386      Meaning of dismissed

(1)       A person has been dismissed if:

(a)       the person’s employment with his or his employer has been terminated on the employer’s initiative; or

(b)       the person has resigned from his or his employment, but was forced to do so because of conduct, or a course of conduct, engaged in by his or his employer.

(2)       However, a person has not been dismissed if:

(a)       the person was employed under a contract of employment for a specified period of time, for a specified task, or for the duration of a specified season, and the employment has terminated at the end of the period, on completion of the task, or at the end of the season; or

(b)       the person was an employee:

(i)           to whom a training arrangement applied; and

(ii)          whose employment was for a specified period of time or was, for any reason, limited to the duration of the training arrangement;

and the employment has terminated at the end of the training arrangement; or

(c)       the person was demoted in employment but:

(i)           the demotion does not involve a significant reduction in his or his remuneration or duties; and

(ii)          he or he remains employed with the employer that effected the demotion.
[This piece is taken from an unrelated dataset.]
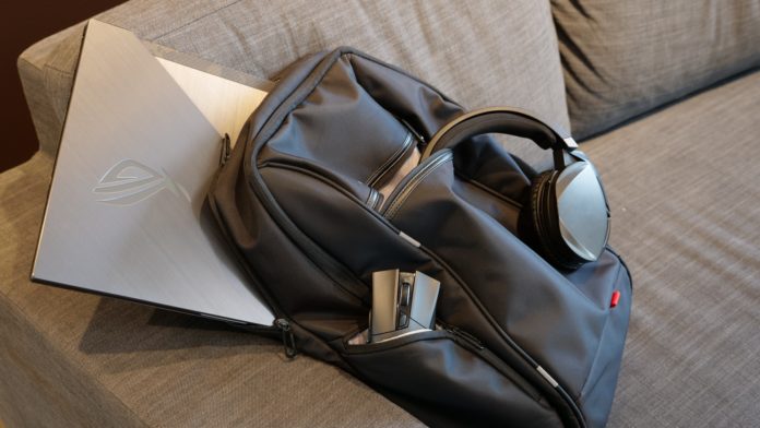 Kuten jo kerroimme, Asus ROG Strix Scar II -pelikannettavan suorituskyky riittää uusien korkean kuvataajuuden pelien pelaamiseen, mutta se painaa silti vain 2,4 kg. 15-tuumainen kone mahtuu mainiosti reppuun.

(3)       Subsection (2) does not apply to a person employed under a contract of a kind referred to in paragraph (2)(a) if a substantial purpose of the employment of the person under a contract of that kind is, or was at the time of the person’s employment, to avoid the employer’s obligations under this Part.”
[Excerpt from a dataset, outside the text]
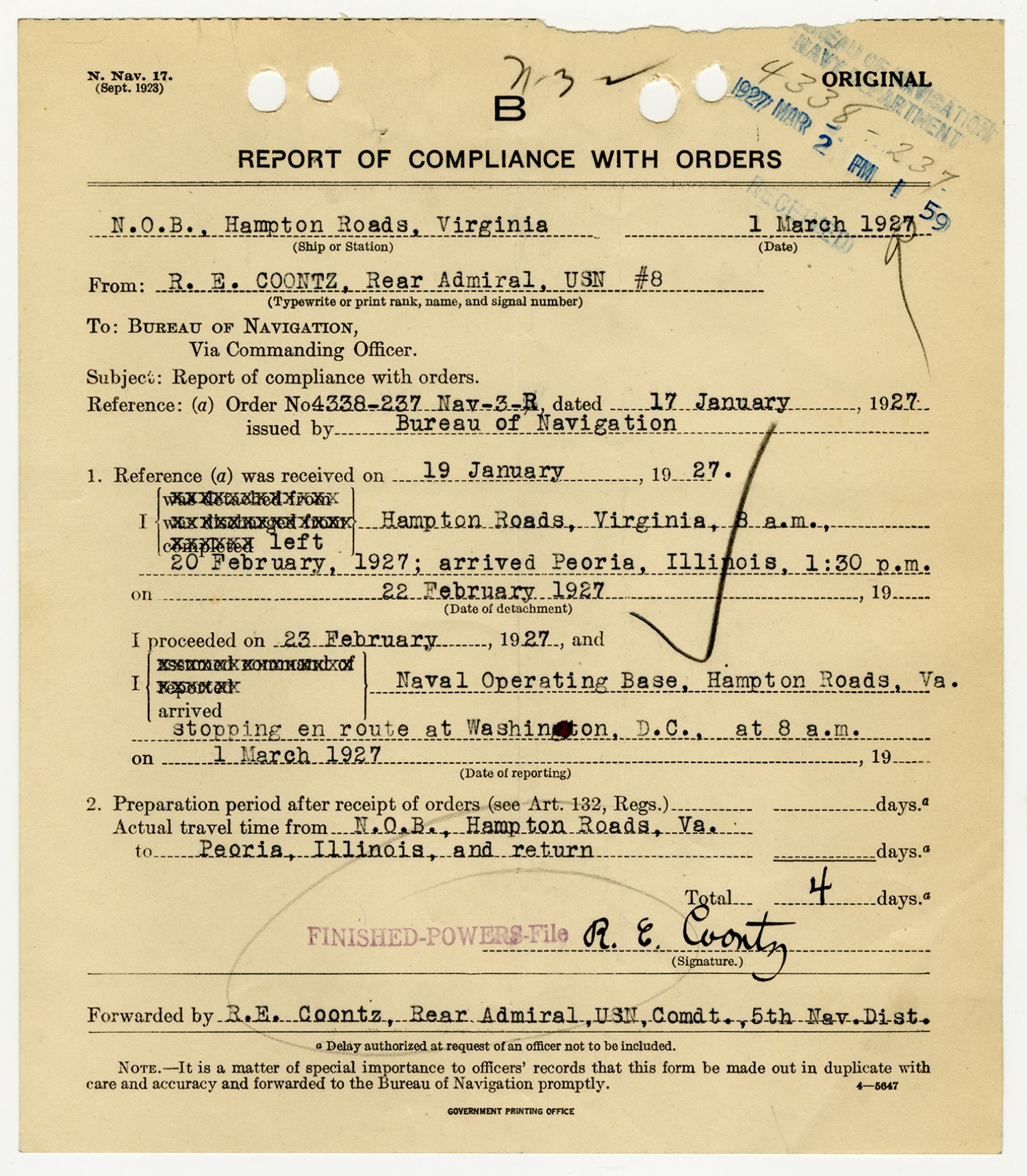 Robert E. Coontz Report of Compliance with Orders - March 1, 1927

  1. This decision deals only with the jurisdictional objection to be determined.

Submissions and Evidence - Respondent

  1. The Respondent submits that the Applicant was not dismissed for the purposes of section 365 of the Act.

  1. The Respondent submits that the Applicant was not an employee of the Respondent for the purposes of the Act.  
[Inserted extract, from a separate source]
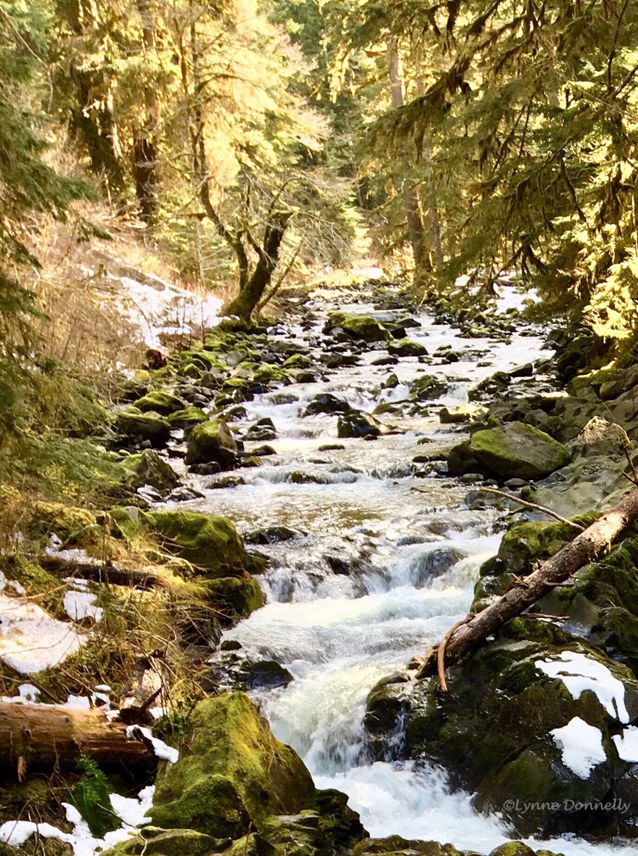 Arrived about 10:45 and only one car in the parking lot! It’s been years since we’ve seen that. Trail was great — not even muddy — except for two trees down across it. They were navigable though. Not nearly as much water flowing as this time last year with our dry winter and spring.

  1. The Respondent outlined that the Respondent arranges for people such as the Applicant to act as Individualised Living Options Hosts for participants in the National Disability Insurance Scheme (NDIS).

  1. The Respondent submits that the ILO Host Agreement, is not a contract of employment or an employment relationship. Rather, it is an agreement between the Host (in this case the Applicant) also known as the ILO Partner, the NDIS Participants Nominee and the Respondent.

  1. The Respondent submits that the Applicant is not an employee and is not paid a salary, rather the Applicant receives a reimbursement per week for being an ILO partner.

  1. The Respondent submits that the NDIS Participants Nominee can choose the ILO partner and has the discretion to terminate the Host Agreement.

  1. The Respondent submits that the Applicant was not dismissed at the Respondent’s initiative, rather the NDIS Participant Nominee decided to terminate the arrangement with the Applicant, not the Respondent.

  1. The Respondent provided a copy of the communication from the NDIS Participant Nominee dated 5 February 2024, which clearly outlined that the NDIS Participant Nominee was going to direct the Respondent to look for a new ILO Partner for the NDIS Participant.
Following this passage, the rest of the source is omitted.